As per the bold text, that is exactly the point I'm relaying here is that the OAuth2 endpoints are strategically positioned within the SecurityFilterChain and strict access control is applied. Again, there is no need to apply authorizeHttpRequests() rules and you can simply assume the OAuth2 endpoints are protected.

Therefore I would regard this as a gap in the security framework, and that's something you don't want to have.

FWIW, I am fully confident with the default security applied by OAuth2AuthorizationServerConfigurer and all other OAuth2 Configurer's. But if you see a gap in the default security applied please report it here. To-date, there has only been 1 CVE so our track record is pretty good so far.

I think your proposal with the AuthenticationConverter is a possible workaround. Another workaround that we are currently using is to just register an additional AuthenticationProvider for that endpoint filter which runs before the default OAuth2AuthorizationCodeRequestAuthenticationProvider and clears the security context in case the current Principal is not in the right state. I guess there are a couple other ways how one could implement this right now.

I'm glad you found another way to implement your requirements. And agreed, there are many ways to do one thing. I think Spring Authorization Server and Spring Security provide great flexibility with the many hooks that you can choose from.

I'm leaning towards closing this issue since there are a couple of options for you to run with. And we're not planning on moving the order of the OAuth2AuthorizationEndpointFilter based on the reasons explained in my previous comment.

I'll wait for your response before I close this.

[AndreasKasparek]

Not sure where we got that impression. We migrated from the old OAuth2 server module, maybe it was different then? Thanks for the hint.

I guess we can close this ticket if you think everything is working as intended. Thank you very much again for all your time spent on discussing and investigating this.

[jgrandja]

@AndreasKasparek

We migrated from the old OAuth2 server module, maybe it was different then?

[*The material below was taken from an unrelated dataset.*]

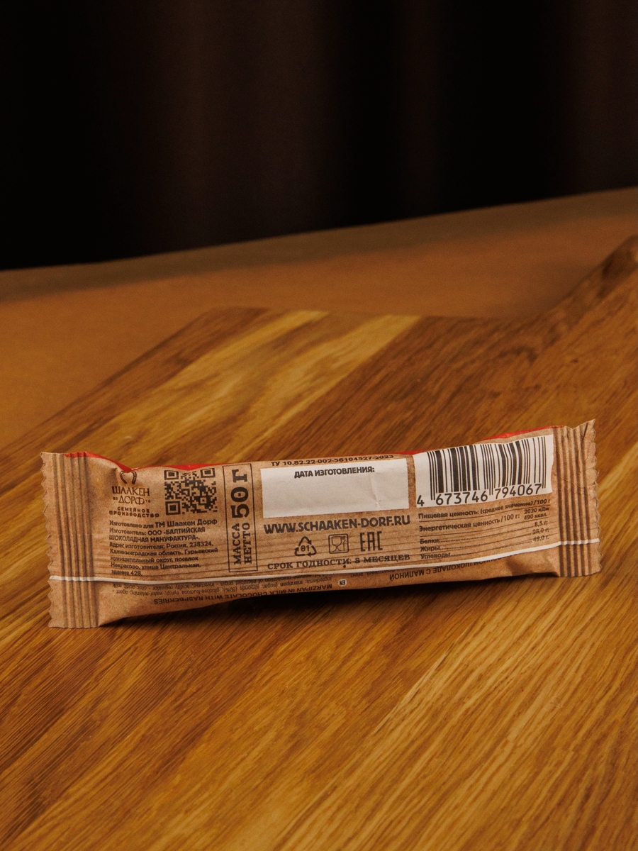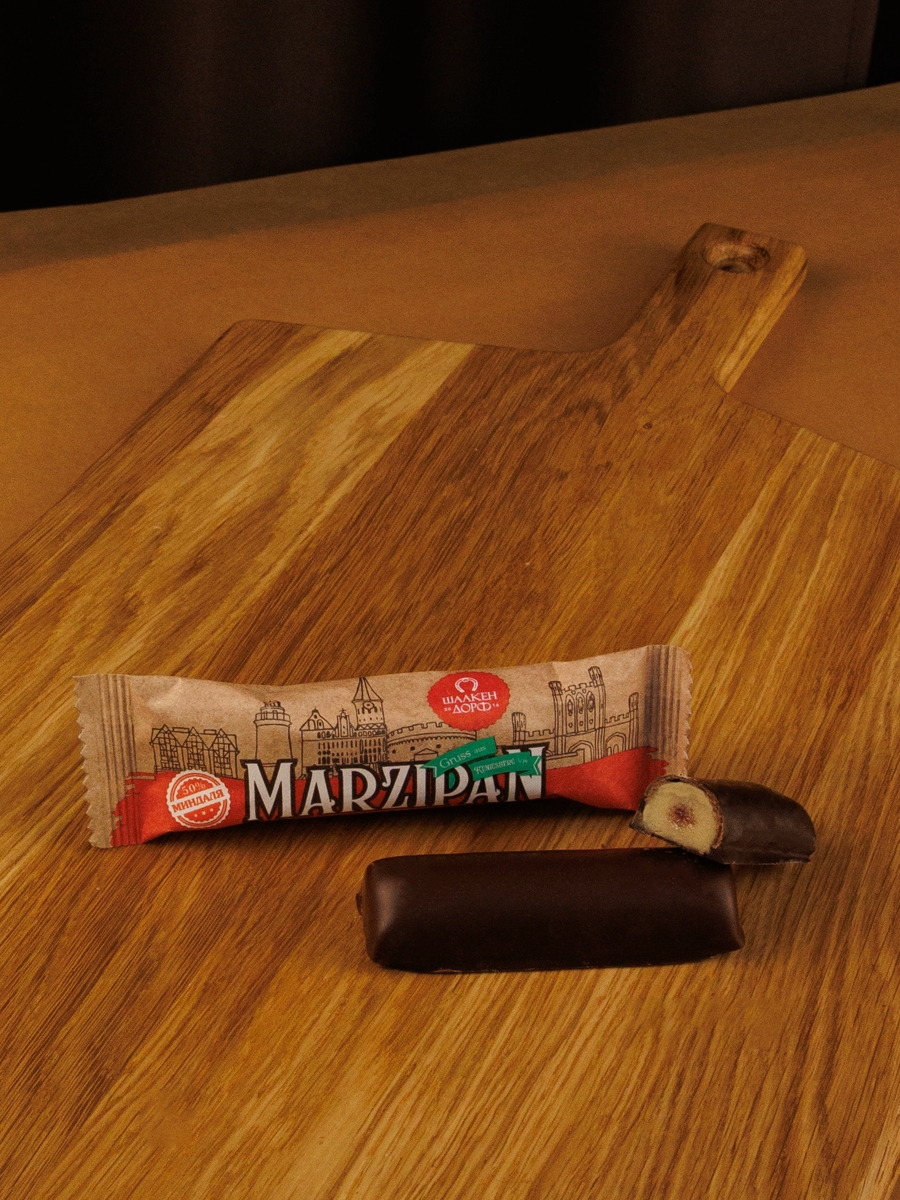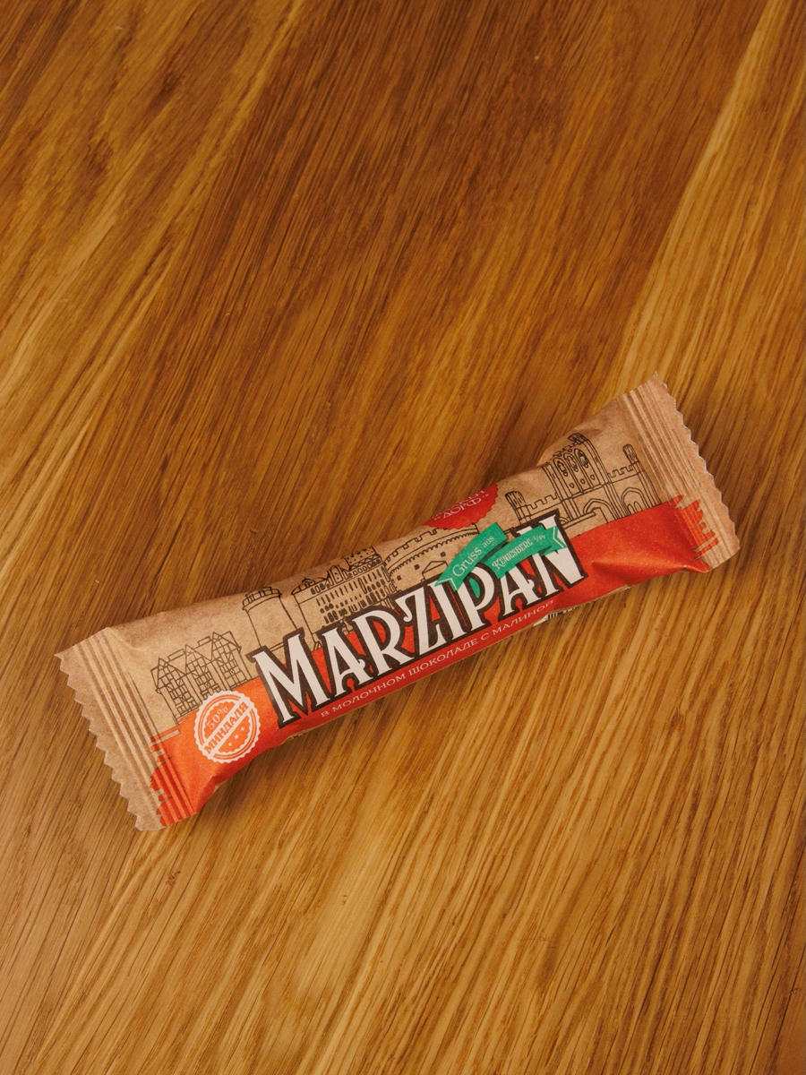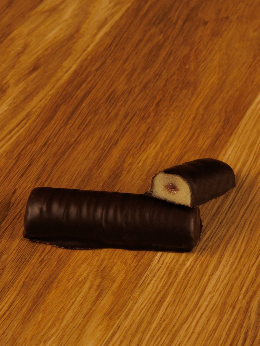 Марципановый батончик (50% миндаля) с сублимированной малиной в натуральном молочном шоколаде.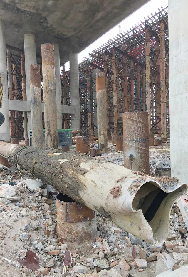 除了钢管桩的振打,ICE系列液压振动锤在钢管桩的拔出方面,包括栈桥拆除,表现也非常突出。国内外很多高难度的钢管桩拔除是我公司来完成的,比如钢管桩打入后底部变形喇叭口,我们的设备照样能全部拔出。(配几张青岛机场高速拔出变形的钢管桩图片)不管土壤条件恶劣还是桩身已变形,ICE设备都不会让您失望!

Yup. That is most likely where the authorizeHttpRequests() rules came from. The legacy OAuth2 endpoints were implemented as @Controller's, whereas Spring Authorization Server implements the OAuth2 endpoints as Filter's and security is automatically applied within the SecurityFilterChain without the need for further protection.

Thank you very much again for all your time spent on discussing and investigating this.

No worries at all. I'm just glad we came up with a couple of options for you to move forward with. Good luck!